== INFORMATION SHOWN ==

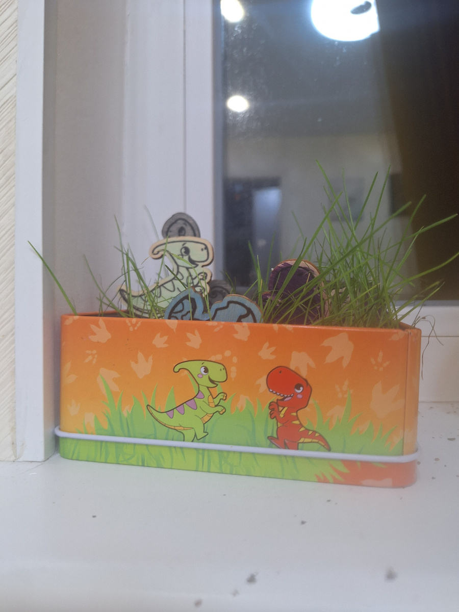 🌿Набор для выращивания травки. Их много разных, у нас коробка «Мой мини-сад» с двумя видами семян, набором деревянных динозавров и красками. Сначала высаживали траву, после раскрашивали динозавров и расставляли их охранять сад. Так как засыпали толстым слоем почвы, трава показалась на
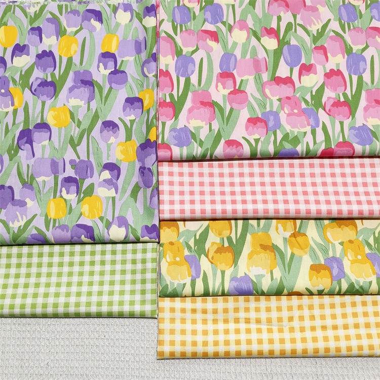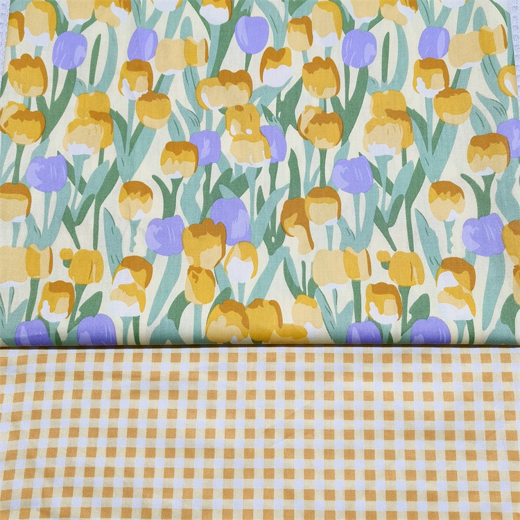 Cotton Fabric Width 60'', Tulip Plaid Design Clothing Dresses Cloth, Kain Cotton Bidang 60''
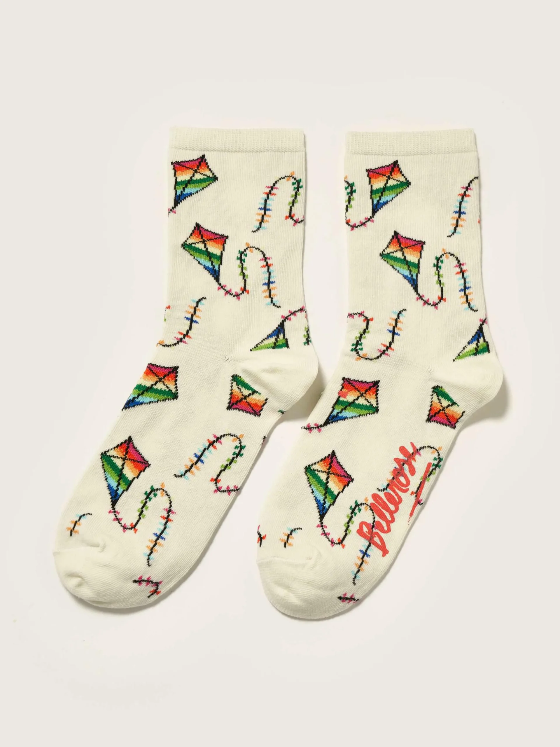Chaussettes classiques avec motif jacquard cerf-volant et impression Bellerose x The Animal Observatory sur la semelle.

===

**EXERCISE:**
Output the material verbatim, skipping the images.

**ANSWER BOX:**
 🌿Набор для выращивания травки. Их много разных, у нас коробка «Мой мини-сад» с двумя видами семян, набором деревянных динозавров и красками. Сначала высаживали траву, после раскрашивали динозавров и расставляли их охранять сад. Так как засыпали толстым слоем почвы, трава показалась на
 Cotton Fabric Width 60'', Tulip Plaid Design Clothing Dresses Cloth, Kain Cotton Bidang 60''
Chaussettes classiques avec motif jacquard cerf-volant et impression Bellerose x The Animal Observatory sur la semelle.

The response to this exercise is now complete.